Fry was born in New York City on October 15, 1907, and grew up in Ridgewood, N.J., in a dysfunctional family. During his youth, his mother spent many months in a hospital with severe emotional problems. He was raised by two of his aunts, who served as surrogate mothers. His father, a stockbroker, was away at work most of the time, and there was little contact between father and son.

A very important person in young Varian’s life was his grandfather Charles, who was active in the Children’s Aid Society. Charles often took Varian along with him on his trips, and the child would spend the summer at his grandfather’s camp for children in Brooklyn.

Fry attended both the Hotchkiss and Taft schools in Connecticut, then moved back to New Jersey, where he attended the Riverdale Country School, not far from his home. Harvard was next, and Fry’s years there were intellectually challenging. With a friend named Lincoln Kirstein, he founded a literary magazine called the Hound & Horn. The opinionated Fry also managed to get himself expelled for rebellious conduct but was eventually allowed back in.

While at Harvard, Fry met and eventually married Eileen Hughes. Shortly before graduation, he wrote on a form what his ideal job would be — "A European representative, preferably in France, Spain, Italy or Greece." He graduated in May 1931 and, now with a young wife, began job hunting in the discouraging Great Depression job market.

The Frys moved to New York, settling in lower Manhattan. Eileen taught school, while Varian began a series of publishing jobs that took him to Scholastic magazine, then The Living Age, a journal that concentrated on foreign affairs. That job gave Fry access to information on what was then going on in Europe.

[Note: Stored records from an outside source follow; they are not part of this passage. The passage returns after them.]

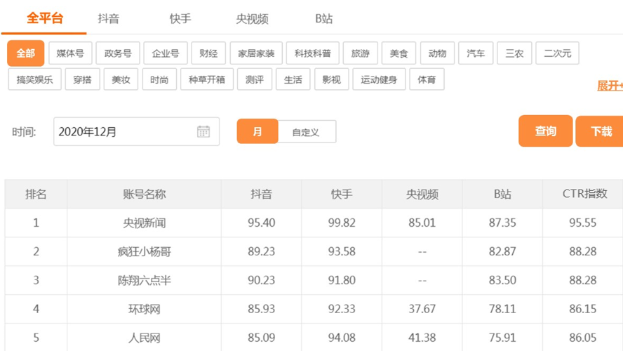 基于账号分发,可实现4大平台同账号数据打通,综合评估账号在多平台的传播效果,形成CTR短视频指数榜单。此榜单是基于账号在所有监测平台的粉丝规模、内容发布与传播效果、变现等不同维度数据通过科学算法综合得出,用于综合评估账号影响力,目前应用于媒体号、企业号、政务号、财经、家居家装等45个品类,定期形成综合月榜单、季度榜单、年度榜单。
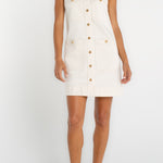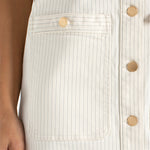 Casual yet chic, this shift dress combines stretch denim with classic nautical stripes for effortless style. Featuring patch pockets and a relaxed silhouette, it’s perfect for everyday wear or weekend outings with a laid-back, polished look.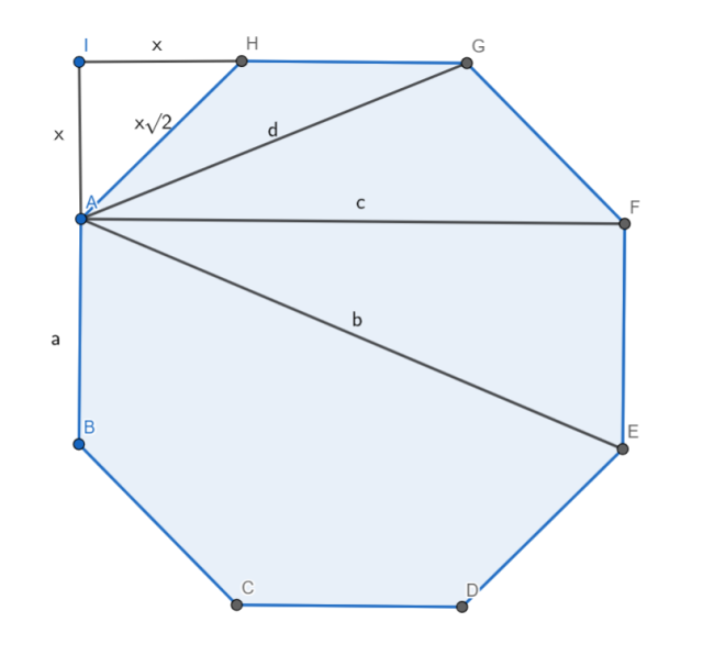 W tym zadaniu jakie długości mają przekątne ośmiokąta wiedząc, że ośmiokąt foremny ma bok długości 4.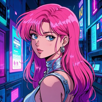 赛博朋克风未来都市,霓虹灯闪烁,科技感十足,机能风少女引领潮流。
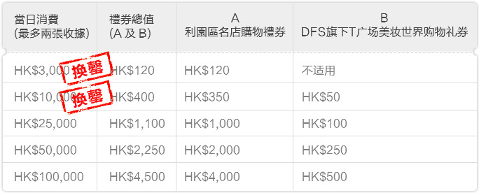 DFS旗下T广场美妆世界购物礼券只适用于希慎广场分店。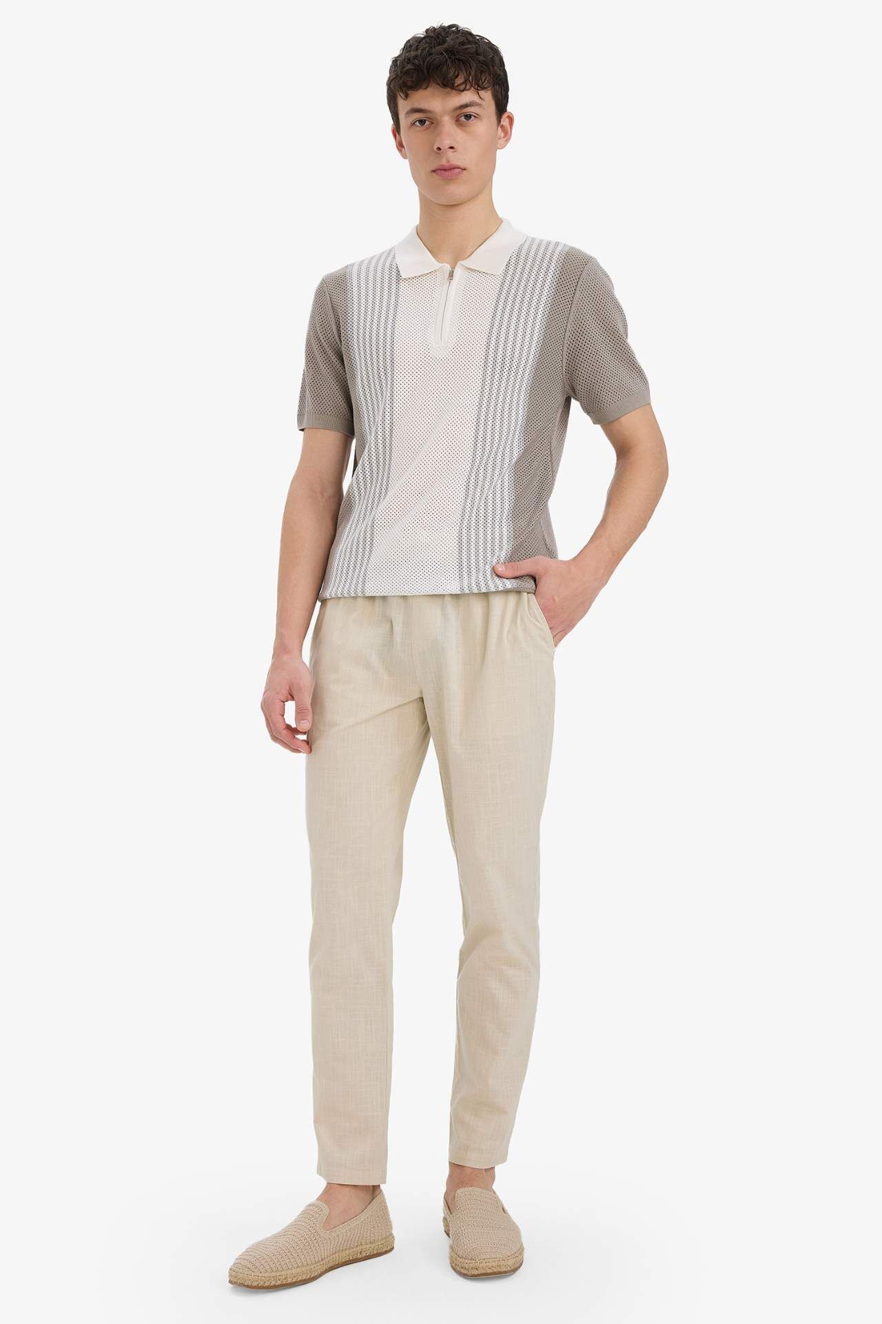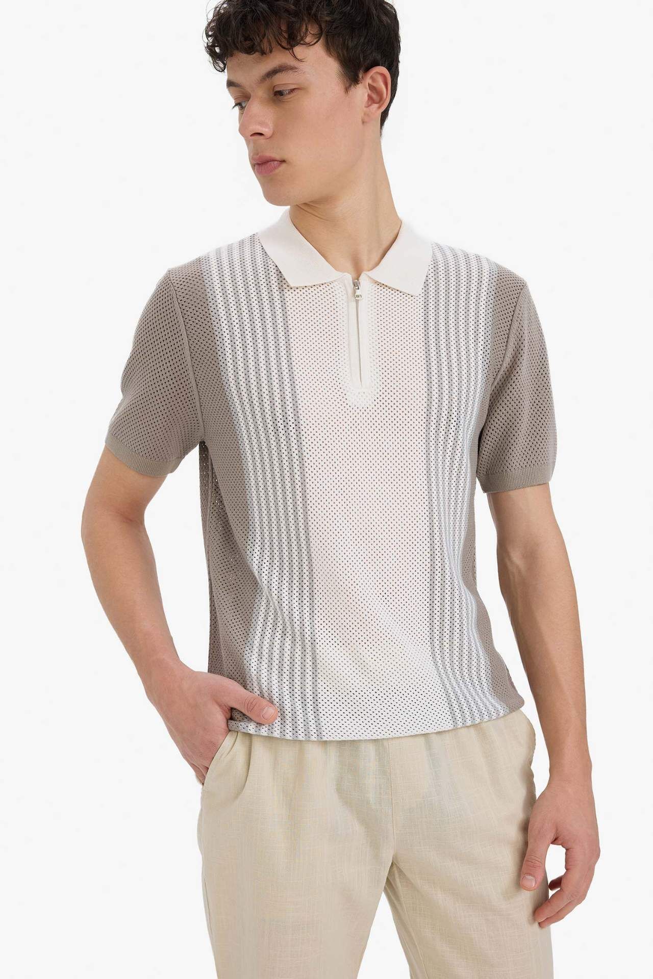 DeFacto Standart Fit Yarım Fermuarlı Triko Kısa Kollu Polo Tişört E5438AX25SMBG404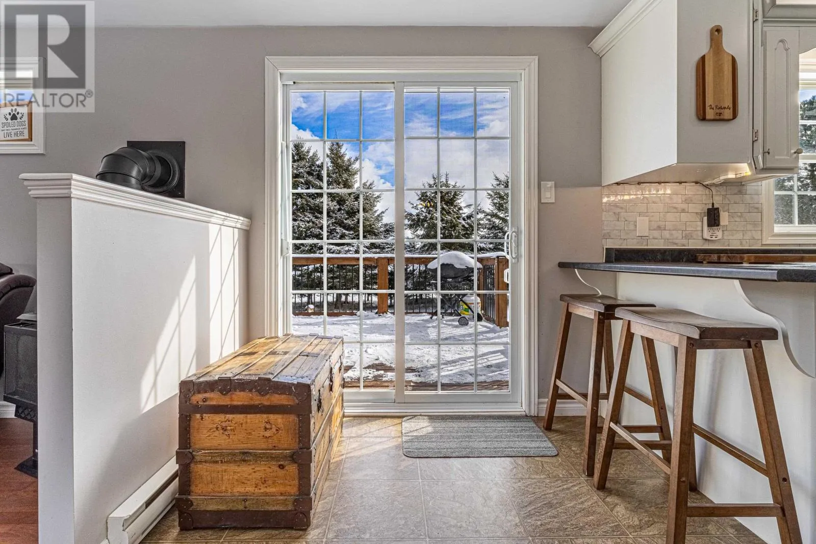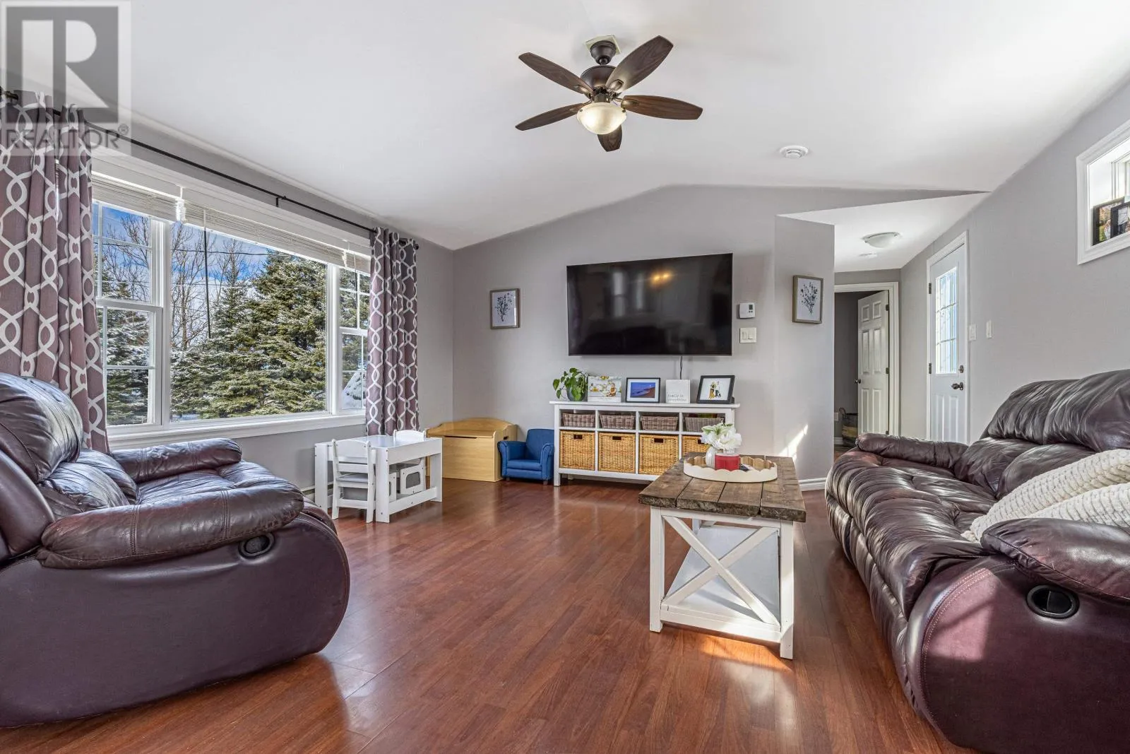 Tucked away on a large, private, tree-lined lot in Oyster Bed Bridge, this well-maintained 3-bedroom, 1-bath, split layout mini-home offers comfort, space, and a sought-after North Shore lifestyle. The bright, open-concept living area features cathedral ceilings and a cozy propane fireplace. A smart split floor plan places the large primary bedroom at one end of the house and two additional

In May 1935 Fry took a business trip for The Living Age to Germany to see for himself the conditions that he had been hearing about regarding the plight of European Jews. He spent three months in Germany, staying in Berlin. While in the capital, Fry witnessed the first purges in Germany, the systematic rounding up of Berlin’s Jews by the secret police. The horror of that episode left him determined to do something. Upon his return, he wrote an article on what he had seen for The New York Times.

By 1937, Fry had moved on to a job with the Foreign Policy Association’s Headline Books in New York. His new duties allowed him to write several books on foreign affairs, including The Peace That Failed.

As persistent news accounts of Jewish persecution in Europe reached the United States, Fry joined the ERC, dedicated to aiding refugees. Its immediate goal was to raise enough money to rescue a large number of intellectuals then trapped in France. In June 1940, the victorious Nazis divided France into two distinct areas. The Germans occupied northern France, while a French puppet government ruled the south from the city of Vichy. One of Adolf Hitler’s first decrees required that the Vichy regime hand over any person that the Germans demanded without any prior notice. It became painfully obvious that once a person was handed over to the Germans, his or her chances of coming back were virtually nil.